L'enfant oppostionnel
De nos jours, les "spécialistes" adorent mettre des étiquettes sur les gens. Surtout sur les enfants.
Selon son institutrice, Philippe présente des signes de "déficite d'attention". Elle veut le faire voire par un psychologue. La pédiatre tant qu'à elle, le catégorise "d'oppositionnel". Même si je n'aime pas les étiquettes, elles peuvent tout de même aider car mettre un nom sur la "condition" peut nous permettre d'ajuster nos interventions...car celles présentées dans tous les livres, à appliquer avec des enfants "normaux" ne fonctionnent pas avec Philippe. Ça peut aider et même encourager de constater que ce n'est peut-être pas parceque nous (les parents) sommes totalement nuls (!), mais bien parceque un enfant "oppositionnel" comme Philippe a besoin d'un autre genre d'intervention.
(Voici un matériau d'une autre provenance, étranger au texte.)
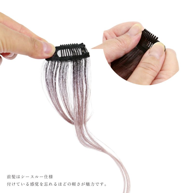 「分けて使える」左右のセパレート前髪と後ろ髪エクステの3点セットなので、ワンレンさんでもぱっつんさんでも、どんな髪型でも装着可能。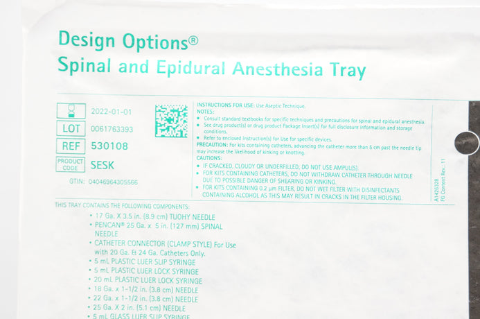 - Braun 530108 Design Options Spinal and Epidural Anesthesia Tray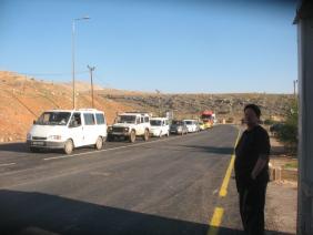 A line of 16 cars waits from the eastern direction (right photo); a similar line on the west side (left photo). All the time cars join the line, but it doesn’t move.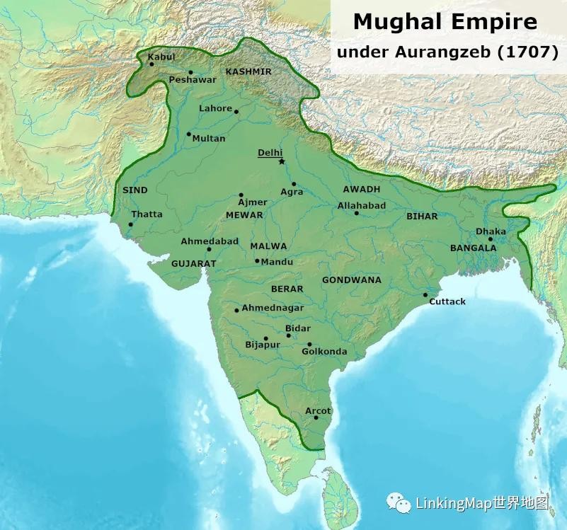 ▲公元16-19世纪,莫卧儿帝国建立起南亚历史上最后一个伊斯兰教的大帝国,政治中心长时间位于印度斯坦的拉合尔-德里-阿格拉一带。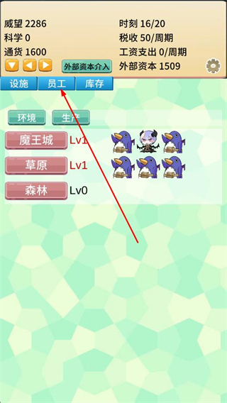 1、进入游戏后,点击员工按钮,查看现有员工情况,了解员工的力、速、智等属性。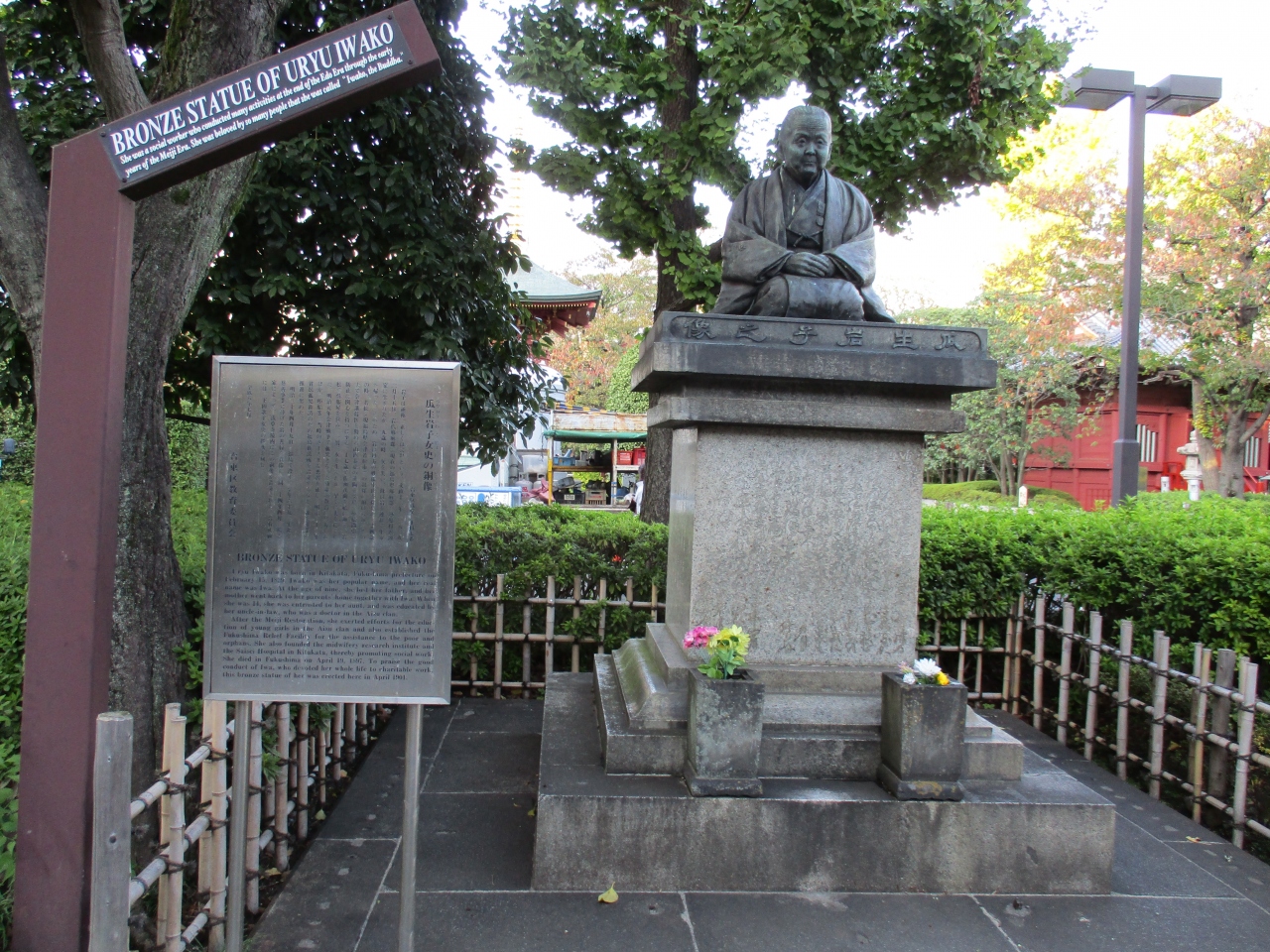 浅草寺境内を散策していた時に、瓜生岩子の像が建てられていました。女性として社会福祉事業に大変貢献した方で、前から大河ドラマで彼女の一生を取り上げて欲しいと思っていた方です。当時は今と違って大変な苦労があっただろうと、像を見ていて思い起こしました。

J'ai toujours du mal à expliquer aux gens qu'est-ce que Philippe a de "différent". J'ai donc commencé des recherches pour faire le ménage dans ma tête, m'aider moi-même à comprendre le mécanisme de tout ça. Chummy et moi avons donc changé de "style" de lectures...il nous faut autre chose pour aider Philippe, pas les livres psycho-pop sur les enfants habituels.
À date, voici ce que je retiens de l'enfant oppostionnel (je résume autant que possible!) :
Qui est l'enfant oppositionnel?
Le trait de caractère le plus évident de l'enfant oppostionnel est son caractère défiant et ... oppostionnel. Il s'oppose à TOUT. Des chicanes en n'en plus finir surviennent à propos de des péquadilles. Les parents ont le sentiment de constament devoir marcher sur des oeufs. La moindre demande déclanche une guerre à n'en plus finir. Imposer des règlements à la maison et des limites deviennent un travail à temps plein, épuisant toutes les énergies parentales.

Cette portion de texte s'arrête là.